(Items from a dataset)
○ ○ ○ ○ ○ ○ ○

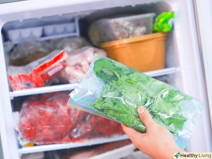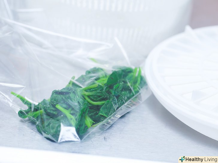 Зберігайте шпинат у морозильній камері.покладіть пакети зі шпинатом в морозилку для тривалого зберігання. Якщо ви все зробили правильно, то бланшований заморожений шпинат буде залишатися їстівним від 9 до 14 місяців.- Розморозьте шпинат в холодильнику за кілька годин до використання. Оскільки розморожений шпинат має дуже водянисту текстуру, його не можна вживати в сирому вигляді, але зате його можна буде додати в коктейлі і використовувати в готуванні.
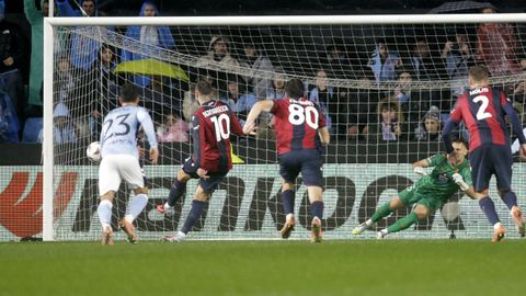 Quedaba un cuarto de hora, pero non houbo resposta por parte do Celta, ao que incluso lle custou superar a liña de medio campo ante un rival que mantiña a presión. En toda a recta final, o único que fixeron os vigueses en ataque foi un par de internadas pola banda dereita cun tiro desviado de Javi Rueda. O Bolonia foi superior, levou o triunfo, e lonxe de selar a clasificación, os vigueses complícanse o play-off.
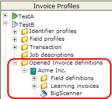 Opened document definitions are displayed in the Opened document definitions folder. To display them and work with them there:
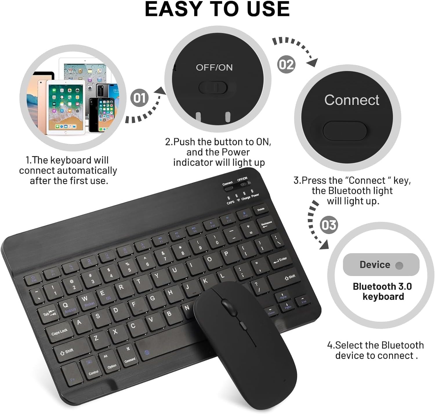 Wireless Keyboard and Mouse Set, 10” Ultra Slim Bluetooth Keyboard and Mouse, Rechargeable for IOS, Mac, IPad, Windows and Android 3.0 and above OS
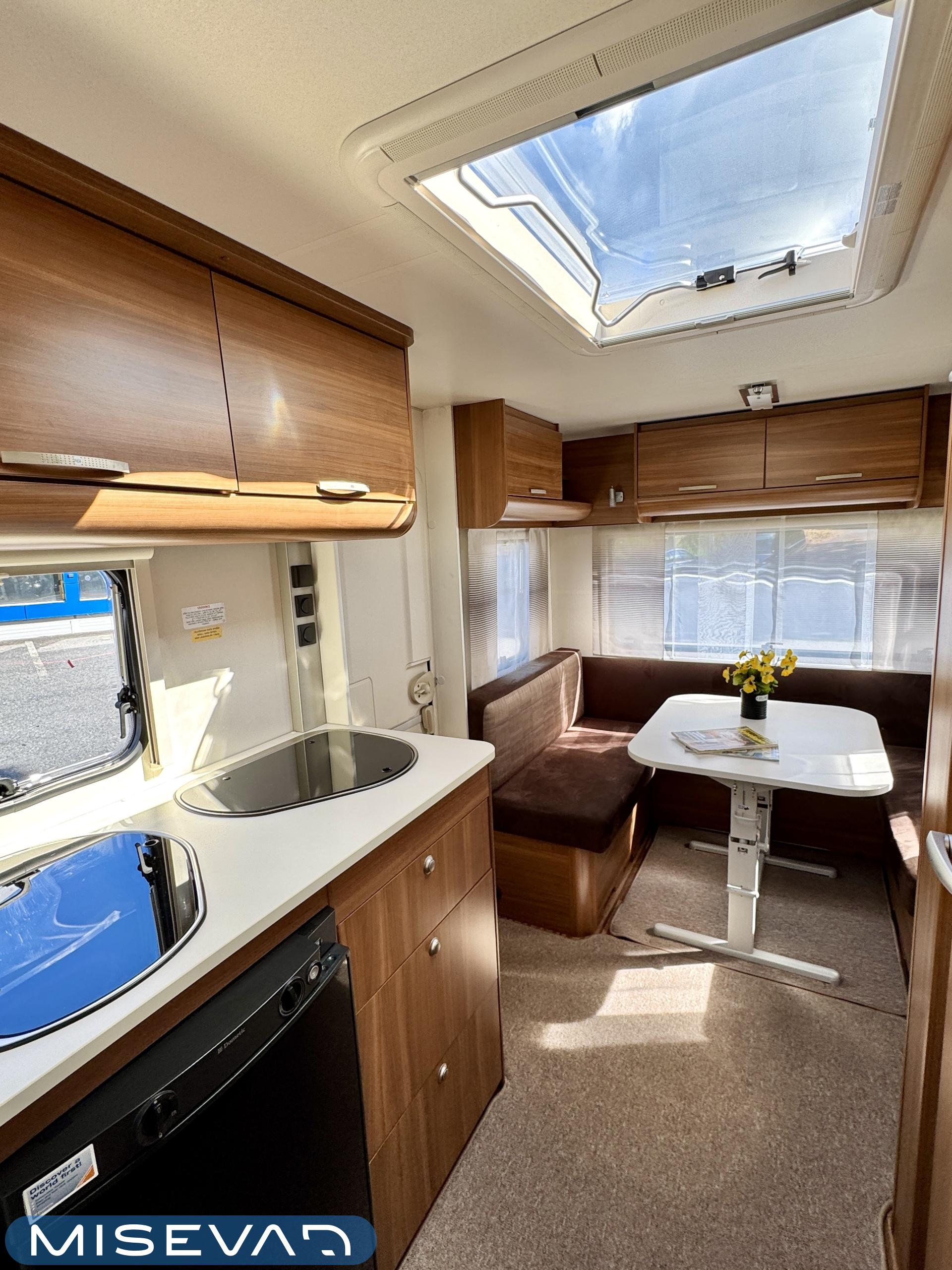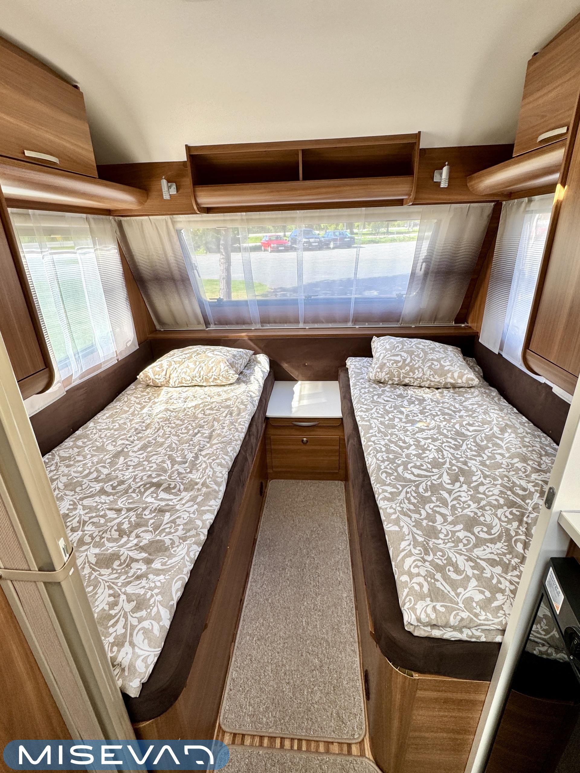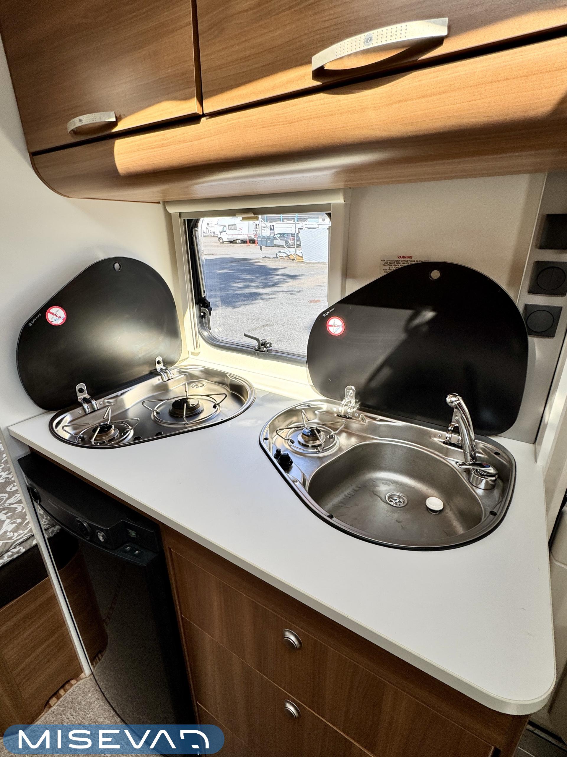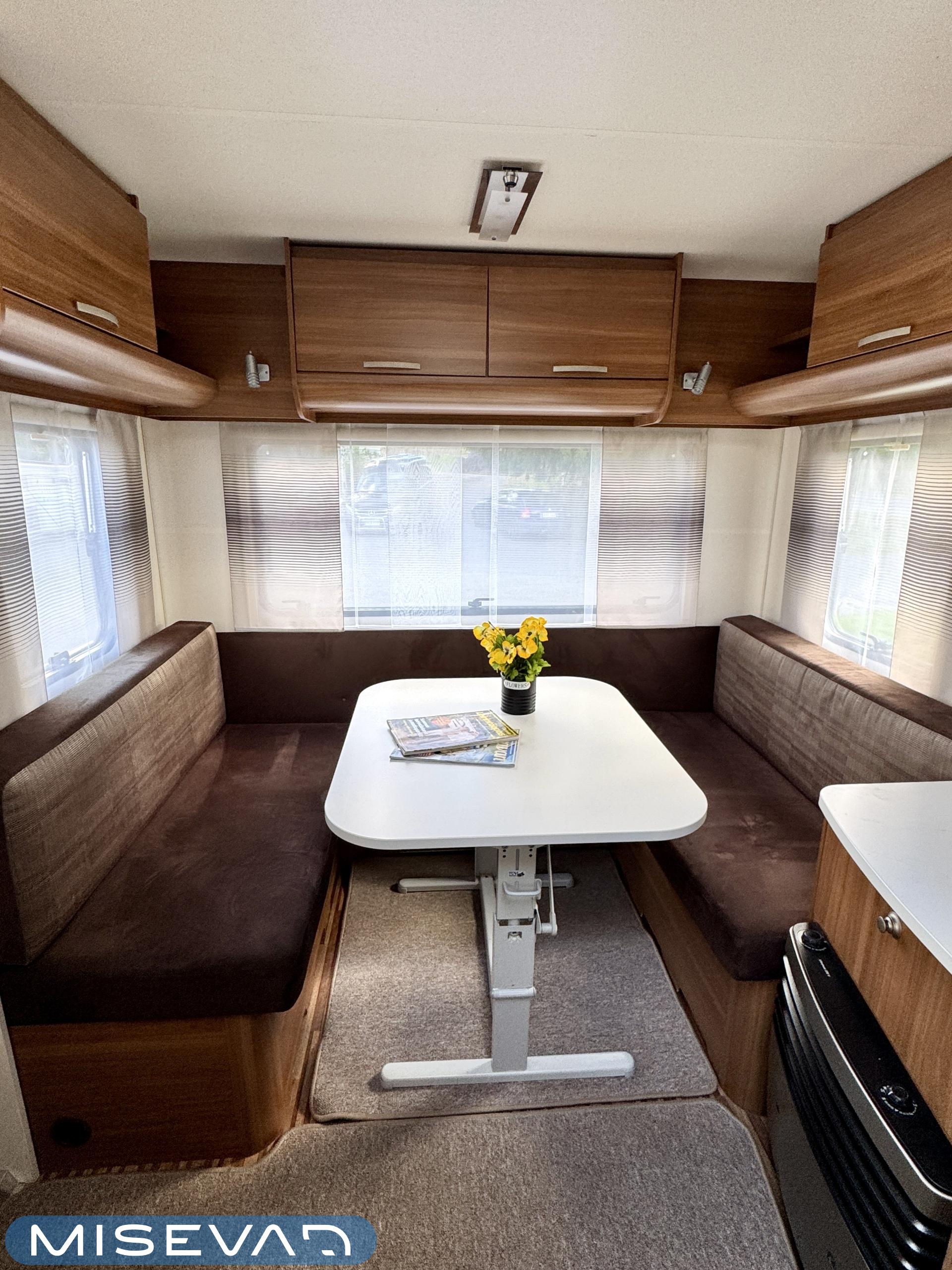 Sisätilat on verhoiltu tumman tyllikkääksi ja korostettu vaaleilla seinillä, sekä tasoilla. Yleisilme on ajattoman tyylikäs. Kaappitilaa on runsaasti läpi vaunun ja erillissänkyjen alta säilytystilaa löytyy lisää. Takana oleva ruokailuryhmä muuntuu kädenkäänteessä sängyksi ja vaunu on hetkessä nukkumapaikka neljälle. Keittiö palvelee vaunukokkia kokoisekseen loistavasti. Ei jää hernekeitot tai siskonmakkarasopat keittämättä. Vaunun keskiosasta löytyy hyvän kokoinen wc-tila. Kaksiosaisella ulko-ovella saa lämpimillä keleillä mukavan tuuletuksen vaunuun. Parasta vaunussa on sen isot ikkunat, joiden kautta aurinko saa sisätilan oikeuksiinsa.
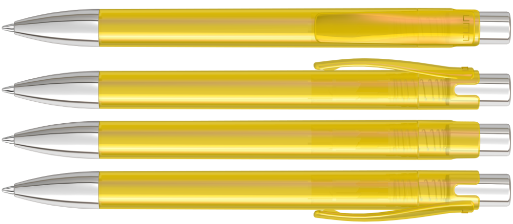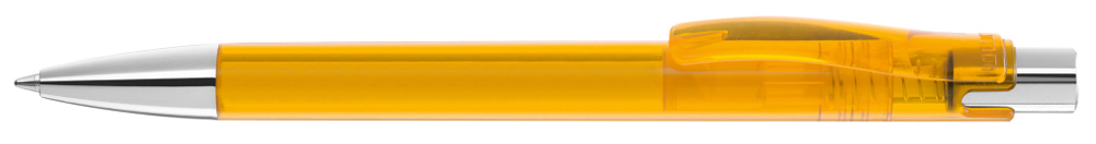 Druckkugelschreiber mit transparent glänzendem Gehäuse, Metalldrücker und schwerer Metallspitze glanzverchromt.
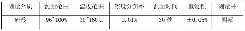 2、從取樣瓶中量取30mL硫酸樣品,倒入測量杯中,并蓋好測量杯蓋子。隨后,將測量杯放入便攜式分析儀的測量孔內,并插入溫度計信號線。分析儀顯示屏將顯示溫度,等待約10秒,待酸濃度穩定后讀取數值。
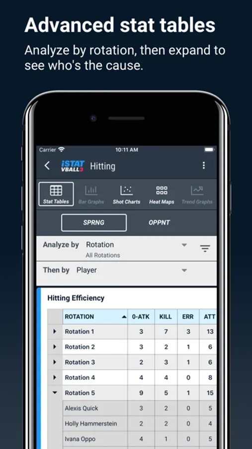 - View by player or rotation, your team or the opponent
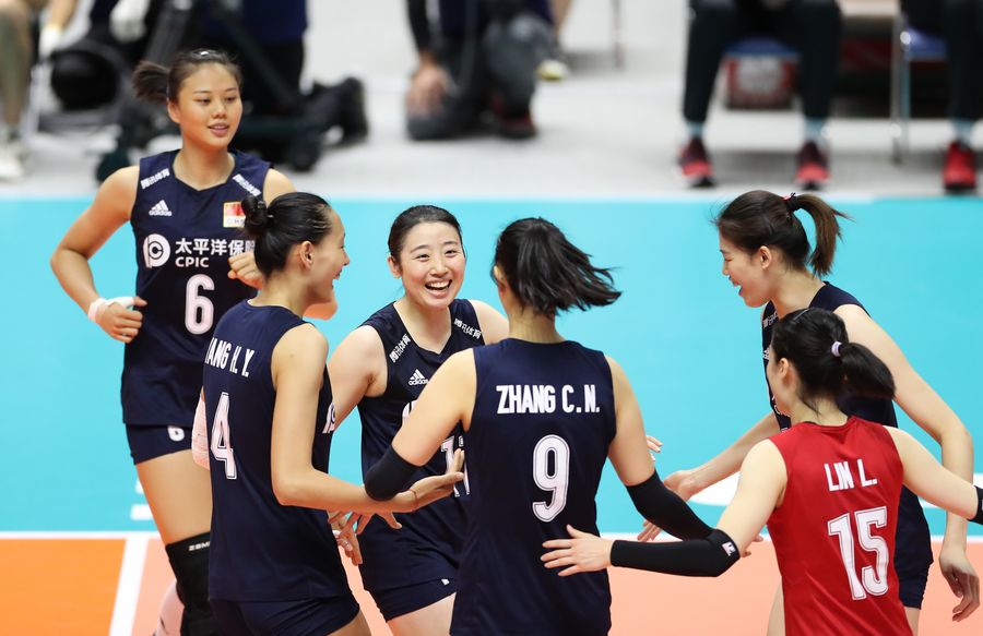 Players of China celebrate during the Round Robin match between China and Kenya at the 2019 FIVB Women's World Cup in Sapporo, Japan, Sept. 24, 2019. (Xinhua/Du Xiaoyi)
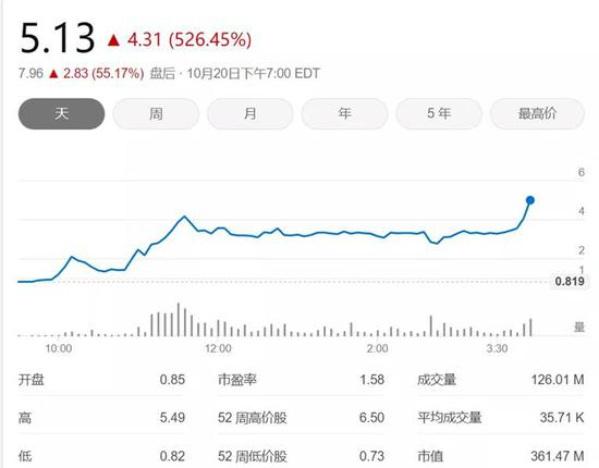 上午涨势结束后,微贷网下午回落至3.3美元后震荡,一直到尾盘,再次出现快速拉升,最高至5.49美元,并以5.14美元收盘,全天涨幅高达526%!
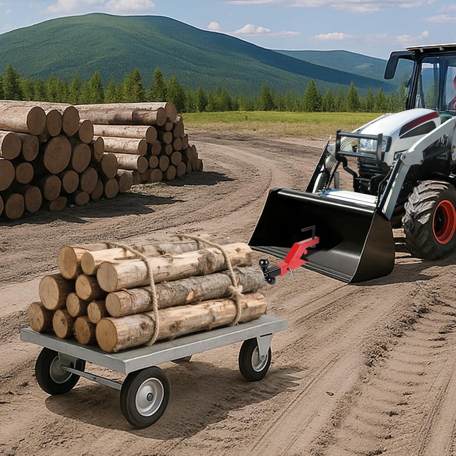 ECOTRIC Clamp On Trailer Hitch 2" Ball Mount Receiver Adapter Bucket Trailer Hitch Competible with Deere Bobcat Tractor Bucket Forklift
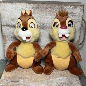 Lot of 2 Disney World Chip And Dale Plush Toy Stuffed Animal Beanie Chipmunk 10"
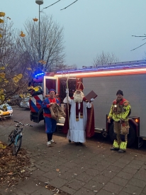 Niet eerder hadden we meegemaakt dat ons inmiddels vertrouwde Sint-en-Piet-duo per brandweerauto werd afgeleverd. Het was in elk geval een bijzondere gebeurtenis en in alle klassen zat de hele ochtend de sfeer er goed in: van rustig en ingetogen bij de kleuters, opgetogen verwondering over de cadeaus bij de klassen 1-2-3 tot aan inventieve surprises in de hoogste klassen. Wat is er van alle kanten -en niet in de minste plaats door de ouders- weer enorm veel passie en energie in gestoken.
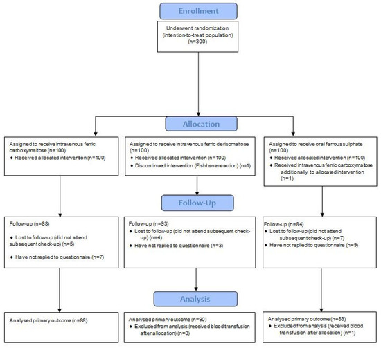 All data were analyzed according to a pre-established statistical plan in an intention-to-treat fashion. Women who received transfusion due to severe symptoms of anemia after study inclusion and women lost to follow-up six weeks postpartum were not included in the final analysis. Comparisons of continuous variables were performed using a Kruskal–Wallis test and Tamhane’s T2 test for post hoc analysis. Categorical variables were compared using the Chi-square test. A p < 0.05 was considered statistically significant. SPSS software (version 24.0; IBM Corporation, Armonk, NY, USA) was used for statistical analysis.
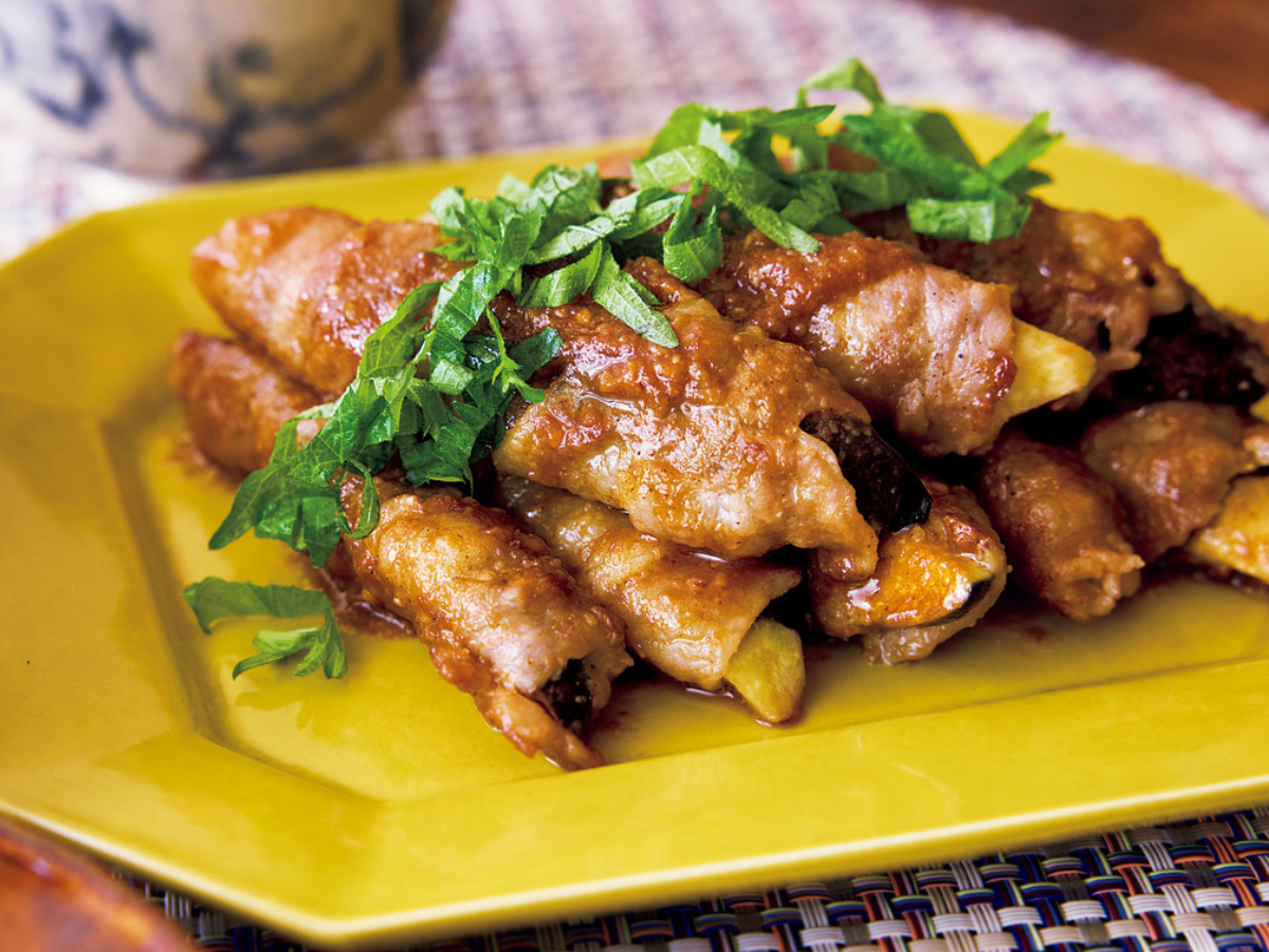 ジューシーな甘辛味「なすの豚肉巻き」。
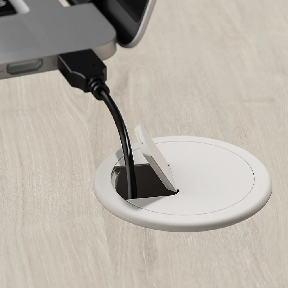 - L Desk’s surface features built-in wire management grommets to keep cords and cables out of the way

○ ○ ○ ○ ○ ○ ○

WHAT THE TASK REQUIRES: Write out, word for word, the lines from the start of the data through the one holding "Opened document definitions are". Omit pictures.

RESULT:
 Зберігайте шпинат у морозильній камері.покладіть пакети зі шпинатом в морозилку для тривалого зберігання. Якщо ви все зробили правильно, то бланшований заморожений шпинат буде залишатися їстівним від 9 до 14 місяців.- Розморозьте шпинат в холодильнику за кілька годин до використання. Оскільки розморожений шпинат має дуже водянисту текстуру, його не можна вживати в сирому вигляді, але зате його можна буде додати в коктейлі і використовувати в готуванні.
 Quedaba un cuarto de hora, pero non houbo resposta por parte do Celta, ao que incluso lle custou superar a liña de medio campo ante un rival que mantiña a presión. En toda a recta final, o único que fixeron os vigueses en ataque foi un par de internadas pola banda dereita cun tiro desviado de Javi Rueda. O Bolonia foi superior, levou o triunfo, e lonxe de selar a clasificación, os vigueses complícanse o play-off.
 Opened document definitions are displayed in the Opened document definitions folder. To display them and work with them there:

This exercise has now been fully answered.